Omit every picture and return the rest of the data unaltered.

**Provided material:**
◆ ◆ ◆ ◆ ◆ ◆ ◆
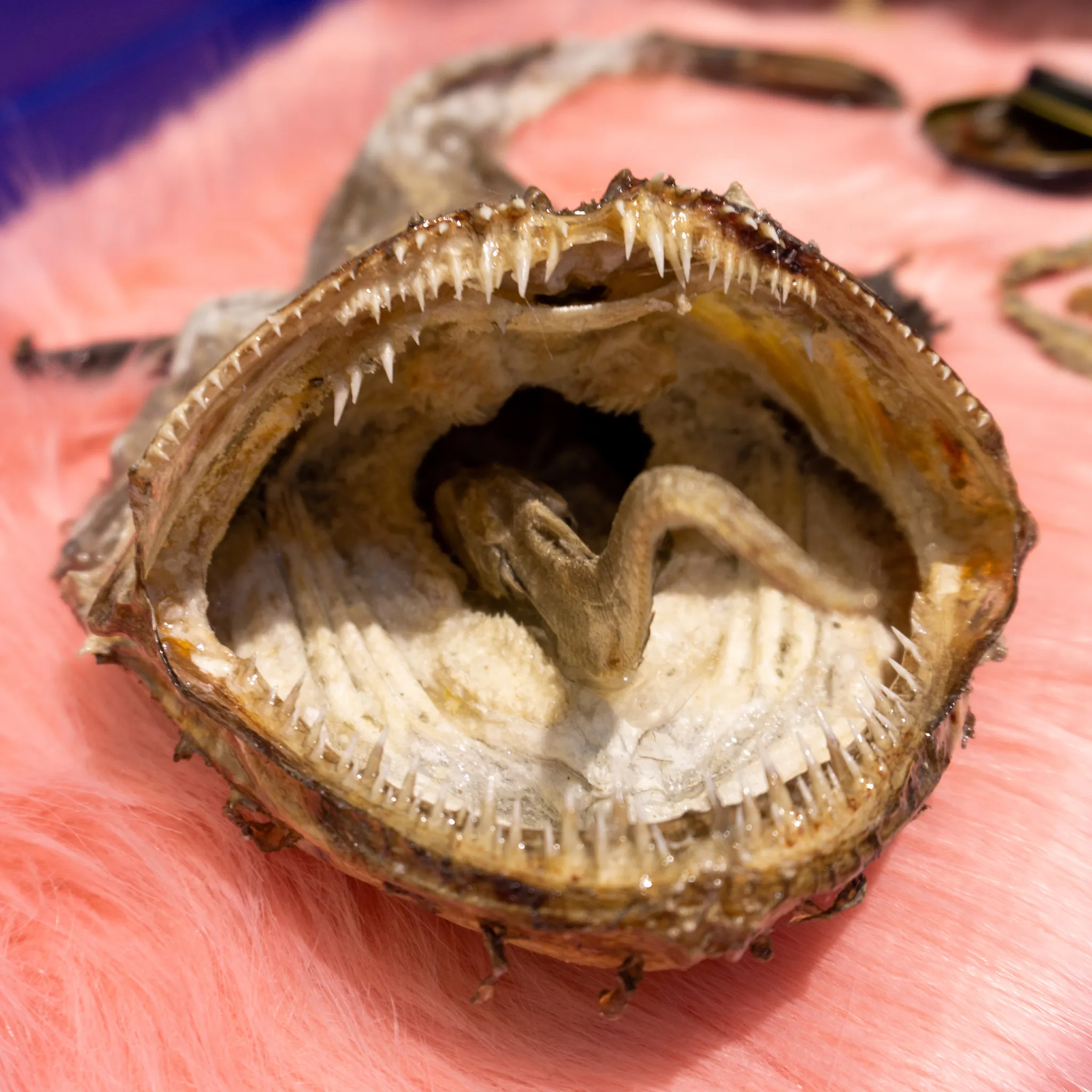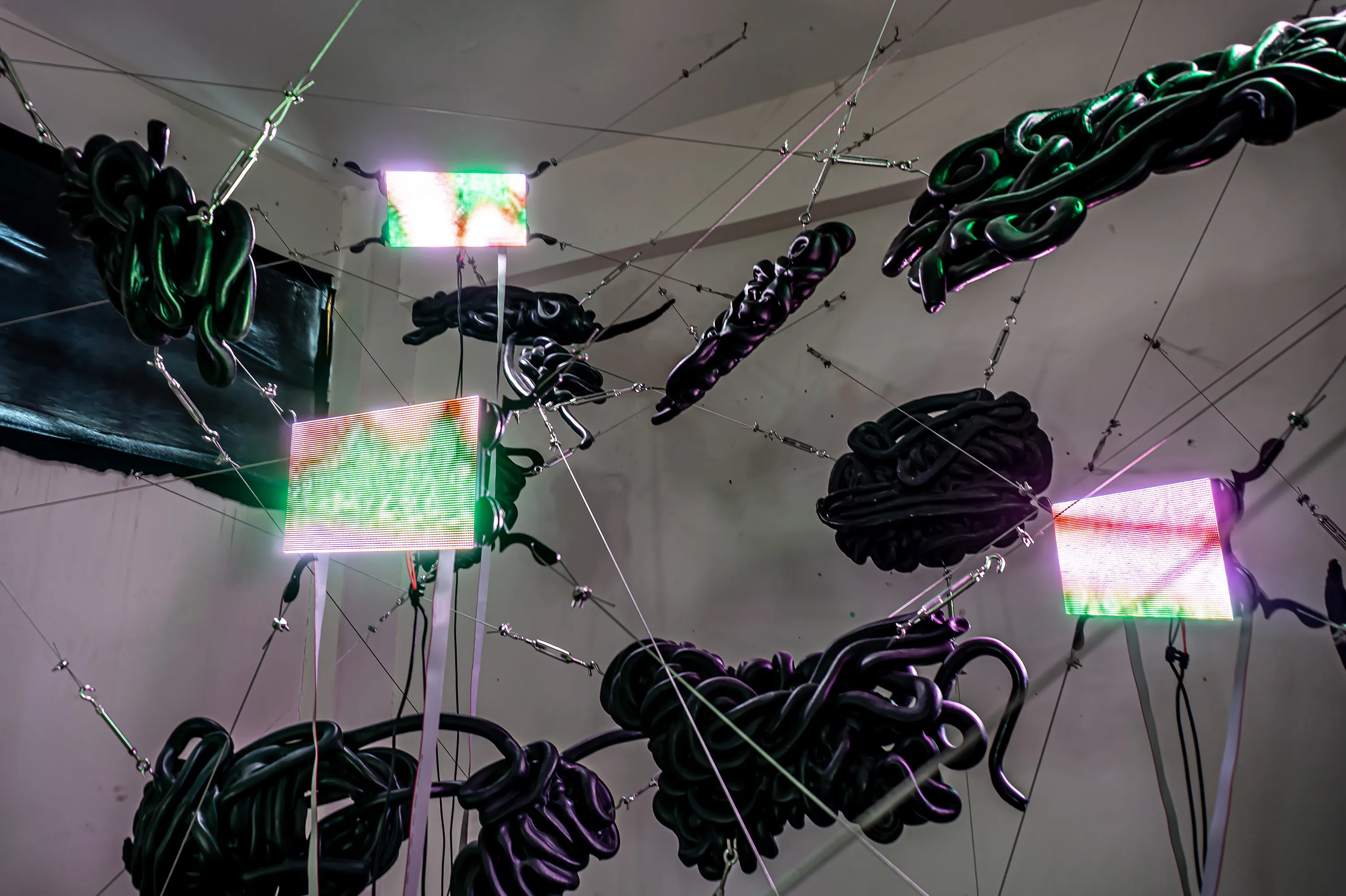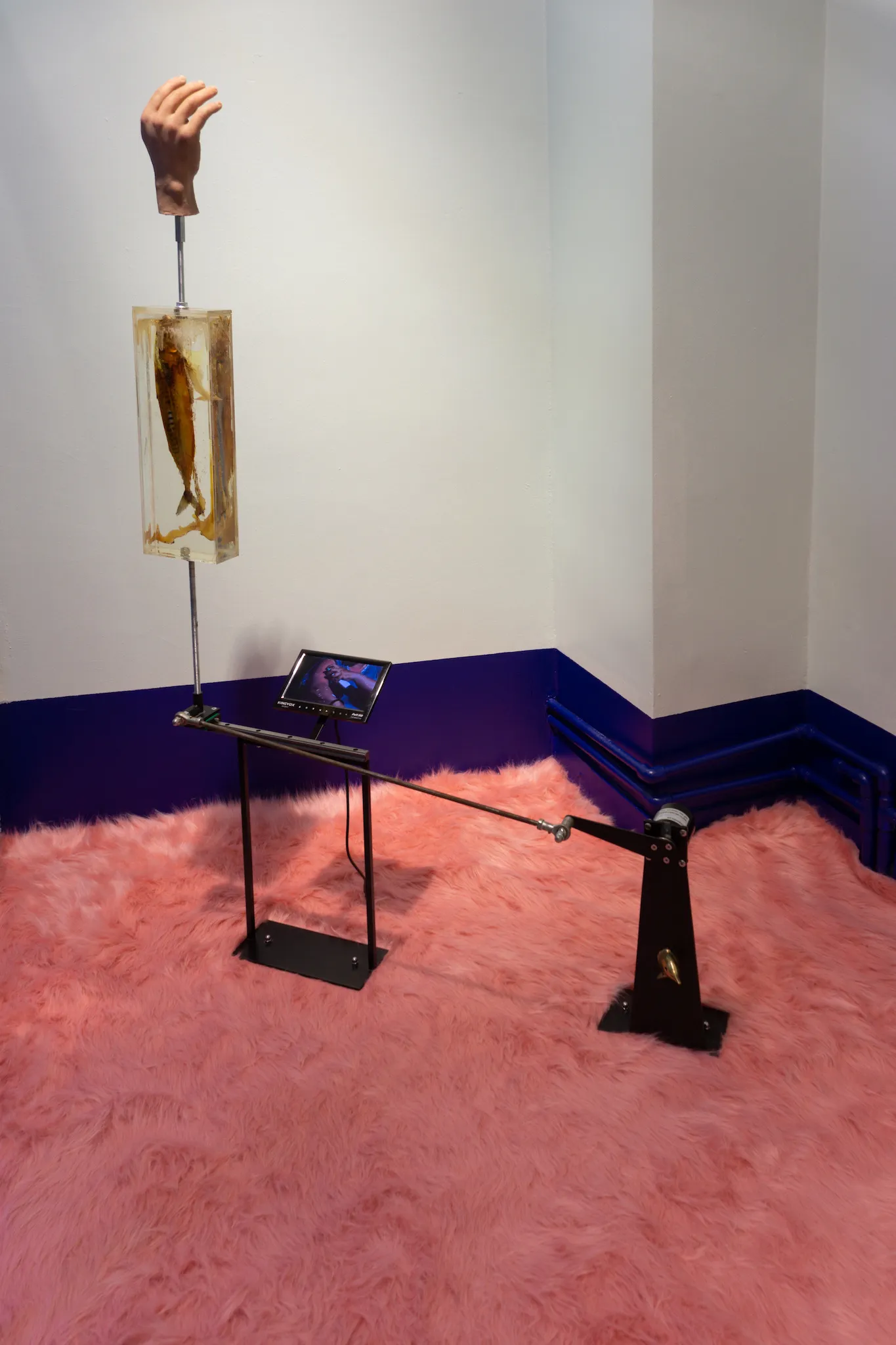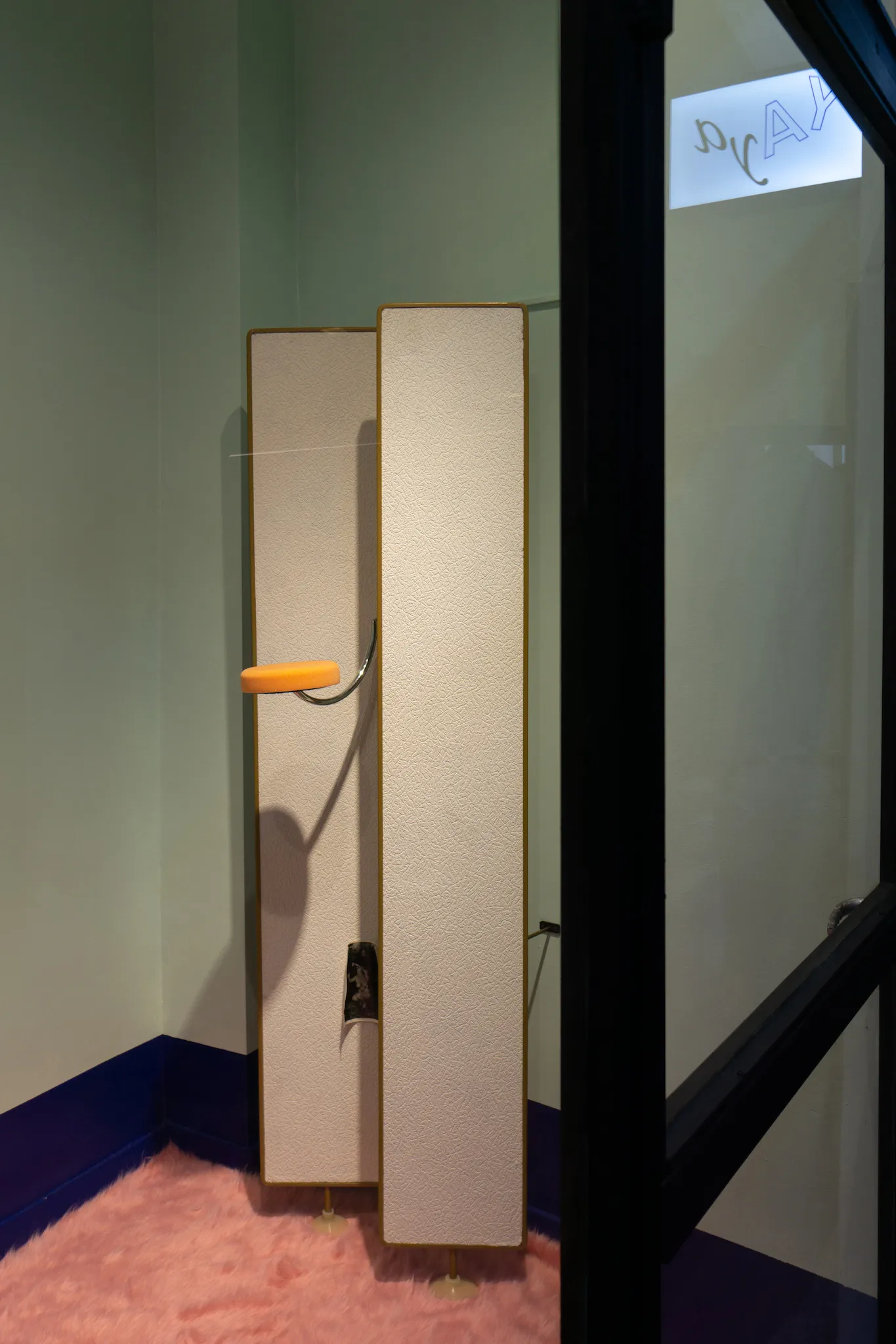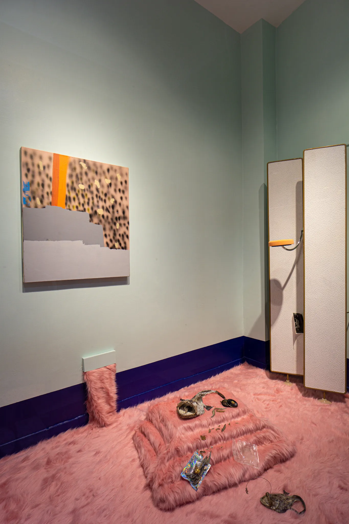After eight, Constanza disappeared. Gerald eventually opened his eye-lids and noticed that she was not in the room. After realising she was not in the bathroom he got up. He called her name as he walked through the hallway. He noticed a door being slightly ajar with light shining through it. As he pushed the door open his eyes were startled by the intense lights and colours that fell upon his dazed vision. There he found Constanza lying on her side resting on a bright pink, fur carpet with her back facing towards him. She wore an abstract, leopard printed dress and had kicked off some bright orange heels.
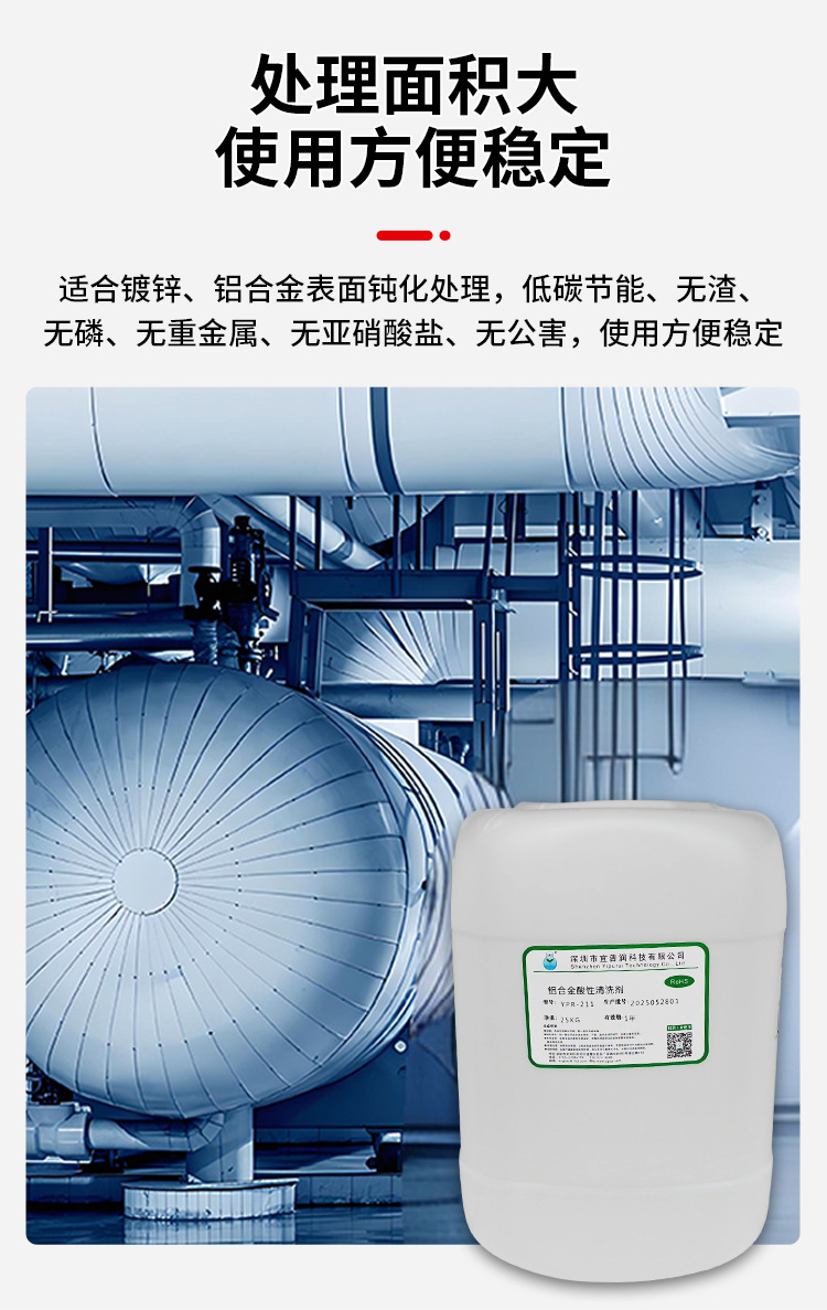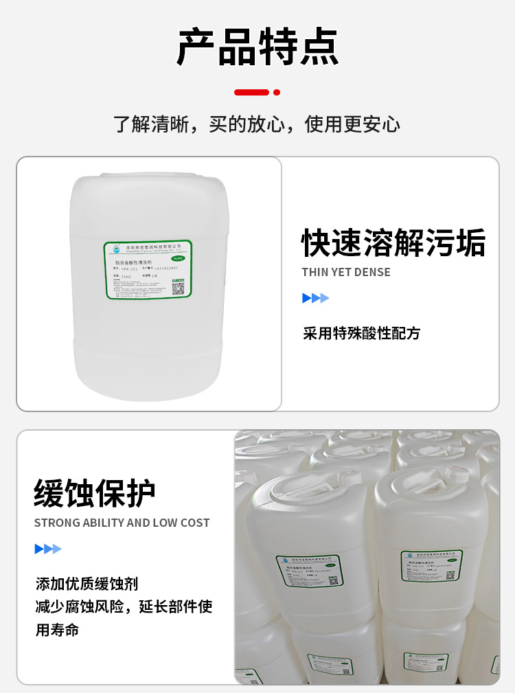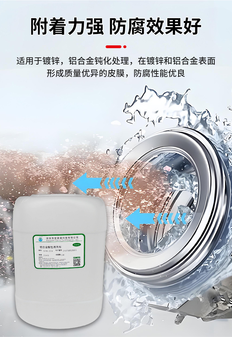 1、高效清洁:强力溶解铝合金表面各类油污、氧化物及锈迹,清洗速度快,去污彻底。
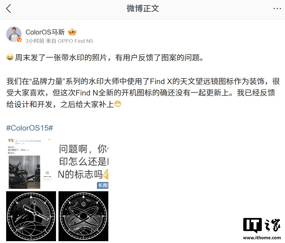 OPPO ColorOS 用户体验与解决方案总监马新今日发文对水印大师图案问题进行说明,他表示,在“品牌力量”系列的水印大师中使用了 Find X 的天文望远镜图标作为装饰,但这次 Find N 全新的开机图标的确还没有一起更新上,该情况已经反馈给设计和开发,之后补上。
◆ ◆ ◆ ◆ ◆ ◆ ◆
**Output for this task:**
After eight, Constanza disappeared. Gerald eventually opened his eye-lids and noticed that she was not in the room. After realising she was not in the bathroom he got up. He called her name as he walked through the hallway. He noticed a door being slightly ajar with light shining through it. As he pushed the door open his eyes were startled by the intense lights and colours that fell upon his dazed vision. There he found Constanza lying on her side resting on a bright pink, fur carpet with her back facing towards him. She wore an abstract, leopard printed dress and had kicked off some bright orange heels.
 1、高效清洁:强力溶解铝合金表面各类油污、氧化物及锈迹,清洗速度快,去污彻底。
 OPPO ColorOS 用户体验与解决方案总监马新今日发文对水印大师图案问题进行说明,他表示,在“品牌力量”系列的水印大师中使用了 Find X 的天文望远镜图标作为装饰,但这次 Find N 全新的开机图标的确还没有一起更新上,该情况已经反馈给设计和开发,之后补上。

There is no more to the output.